# [WHAT THE TASK REQUIRES]
At the line that holds "微かなキラキラとした光沢が煌", start repeating, and keep going exactly through the final line of the material; include both ends and skip the pictures.
** Opening SOURCE MATERIAL block **
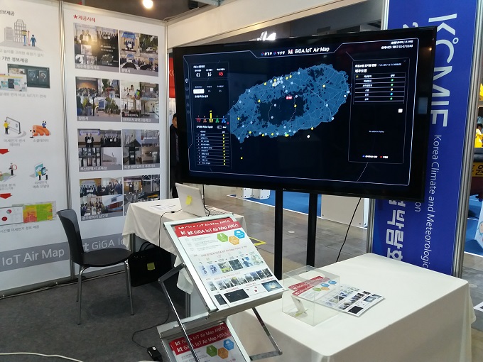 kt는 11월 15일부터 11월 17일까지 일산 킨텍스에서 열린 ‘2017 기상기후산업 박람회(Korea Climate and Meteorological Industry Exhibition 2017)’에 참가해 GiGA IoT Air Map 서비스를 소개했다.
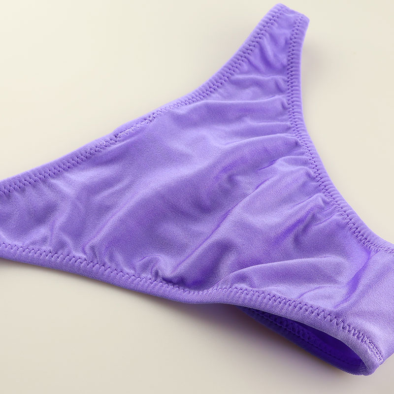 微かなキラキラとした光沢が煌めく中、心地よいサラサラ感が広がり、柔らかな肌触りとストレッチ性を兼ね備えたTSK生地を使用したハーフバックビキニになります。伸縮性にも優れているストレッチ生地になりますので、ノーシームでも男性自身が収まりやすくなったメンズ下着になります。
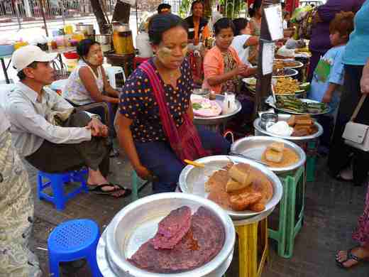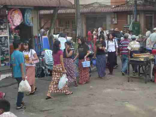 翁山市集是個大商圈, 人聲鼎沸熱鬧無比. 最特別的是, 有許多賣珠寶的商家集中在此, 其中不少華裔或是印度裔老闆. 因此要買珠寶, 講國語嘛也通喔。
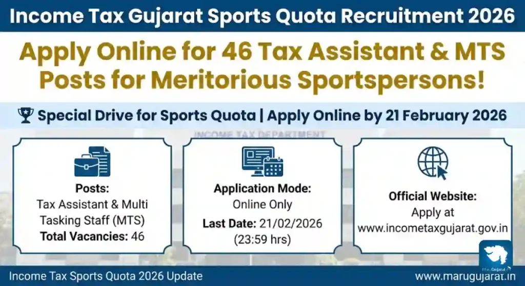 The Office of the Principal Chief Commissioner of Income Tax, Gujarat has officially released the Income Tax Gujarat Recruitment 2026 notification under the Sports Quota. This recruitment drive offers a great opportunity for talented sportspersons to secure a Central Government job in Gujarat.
** Closing SOURCE MATERIAL block **
# [RESPONSE]
 微かなキラキラとした光沢が煌めく中、心地よいサラサラ感が広がり、柔らかな肌触りとストレッチ性を兼ね備えたTSK生地を使用したハーフバックビキニになります。伸縮性にも優れているストレッチ生地になりますので、ノーシームでも男性自身が収まりやすくなったメンズ下着になります。
 翁山市集是個大商圈, 人聲鼎沸熱鬧無比. 最特別的是, 有許多賣珠寶的商家集中在此, 其中不少華裔或是印度裔老闆. 因此要買珠寶, 講國語嘛也通喔。
 The Office of the Principal Chief Commissioner of Income Tax, Gujarat has officially released the Income Tax Gujarat Recruitment 2026 notification under the Sports Quota. This recruitment drive offers a great opportunity for talented sportspersons to secure a Central Government job in Gujarat.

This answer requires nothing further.